The five affected entities are:
- Hengli Petrochemical (Dalian) Refinery Co. (one of China’s largest private refiners, sanctioned by the U.S. on April 24, 2026)
- Shandong Jincheng Petrochemical Group
- Hebei Xinhai Chemical Group
- Shouguang Luqing Petrochemical
- Shandong Shengxing Chemical
These so-called “teapot” refineries — smaller, independent processors concentrated in Shandong province — have become major buyers of discounted Iranian oil in recent years. U.S. officials have accused them of processing billions of dollars’ worth of Iranian crude, often through complex shipping arrangements involving shadow fleets.

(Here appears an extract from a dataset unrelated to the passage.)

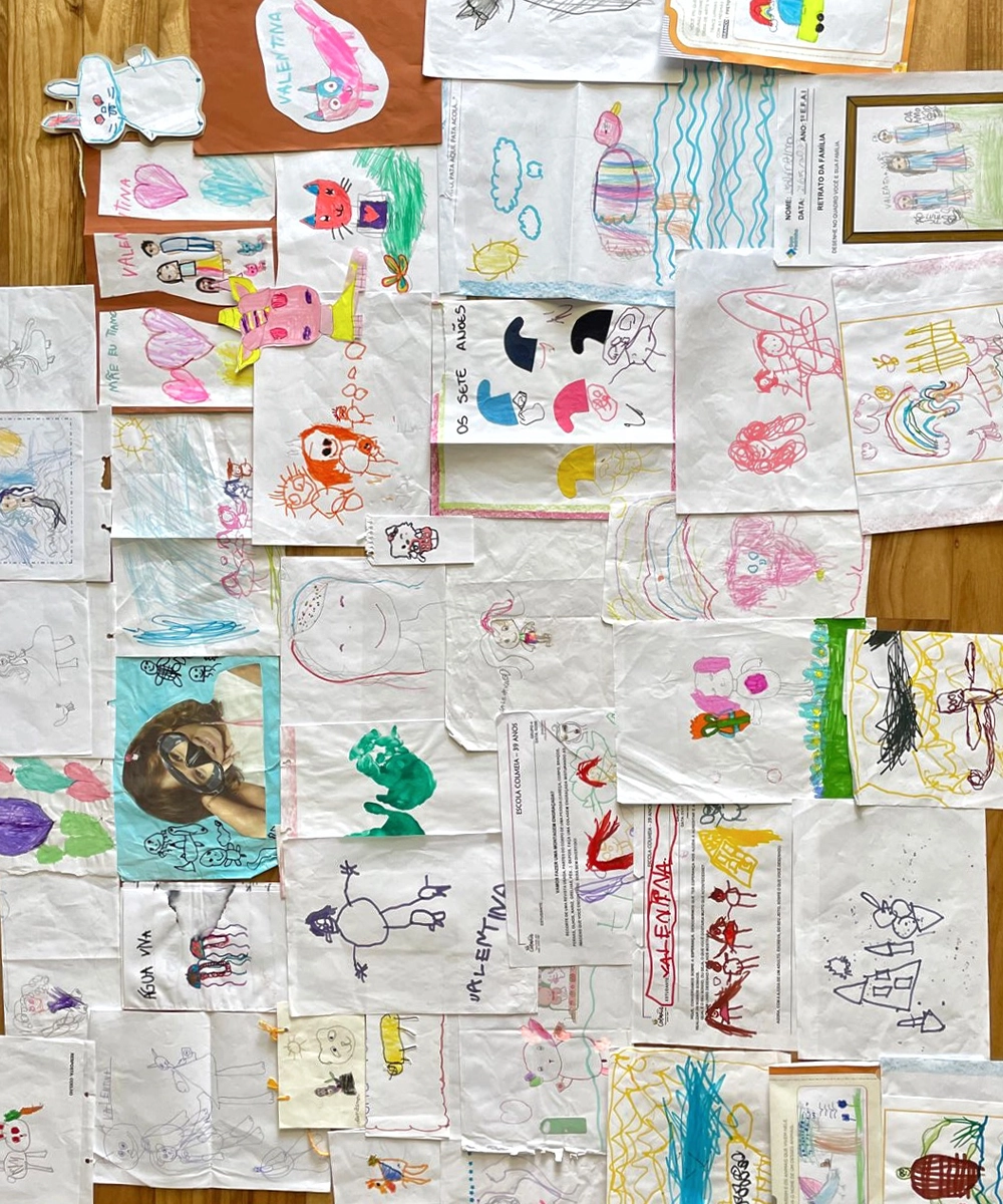 Esses desenhos, artes e rabiscos infantis guardados em armários registram toda a memória afetiva e energia criativa de cada criança. É o transbordo de suas percepções e sentimentos sobre seu mundo. E este universo retratado por ela não merece estar esquecido dentro de uma gaveta. É o resgate desta memória afetiva e identidade imagética que me move como artista.

In a statement, China’s Ministry of Commerce described the U.S. measures as an “unjustified extraterritorial application” of foreign law that violates international norms. The prohibition order legally shields Chinese firms from penalties if they continue business with the sanctioned refineries, creating a direct legal conflict for any multinational banks, shippers, or traders caught between the two jurisdictions.
Analysts note the timing is significant: the order comes just weeks before a planned summit between U.S. President Donald Trump and Chinese President Xi Jinping in Beijing. It underscores Beijing’s determination to protect its energy security and strategic imports amid escalating U.S. pressure on Iran’s oil trade.

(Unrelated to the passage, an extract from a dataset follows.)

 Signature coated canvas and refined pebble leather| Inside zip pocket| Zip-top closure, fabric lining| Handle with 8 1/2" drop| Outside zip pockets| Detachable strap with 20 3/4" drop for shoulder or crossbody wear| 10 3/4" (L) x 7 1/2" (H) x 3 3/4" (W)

China has long argued that unilateral U.S. sanctions lack legitimacy under international law. The Blocking Rules, first introduced in January 2021 and recently strengthened, give Beijing tools to retaliate against what it views as abusive foreign legal overreach — including potential countermeasures such as fines, trade restrictions, or lawsuits against companies that over-comply with U.S. sanctions at the expense of Chinese interests.
For Iran, the development provides critical economic relief. China remains the largest buyer of Iranian oil, with imports estimated at 1.0–1.3 million barrels per day, helping Tehran offset the impact of long-standing U.S. sanctions.
U.S. officials have warned that continued Chinese purchases of Iranian oil finance activities they consider destabilizing in the Middle East. Washington has intensified enforcement actions in recent months, including additional designations of shipping entities and alerts to financial institutions about risks tied to China’s teapot refineries.
The Chinese order does not extend to other parties sanctioned alongside the refineries (such as vessels or ports) and applies specifically to the five named entities. However, legal experts say it creates a high-stakes compliance dilemma for global companies operating in both markets.
This is the latest flashpoint in the broader U.S.-China economic and geopolitical rivalry, where energy trade, sanctions enforcement, and supply chain security increasingly collide.
Life News Agency will continue to monitor developments, including any potential U.S. response or further escalation ahead of the Trump-Xi meeting.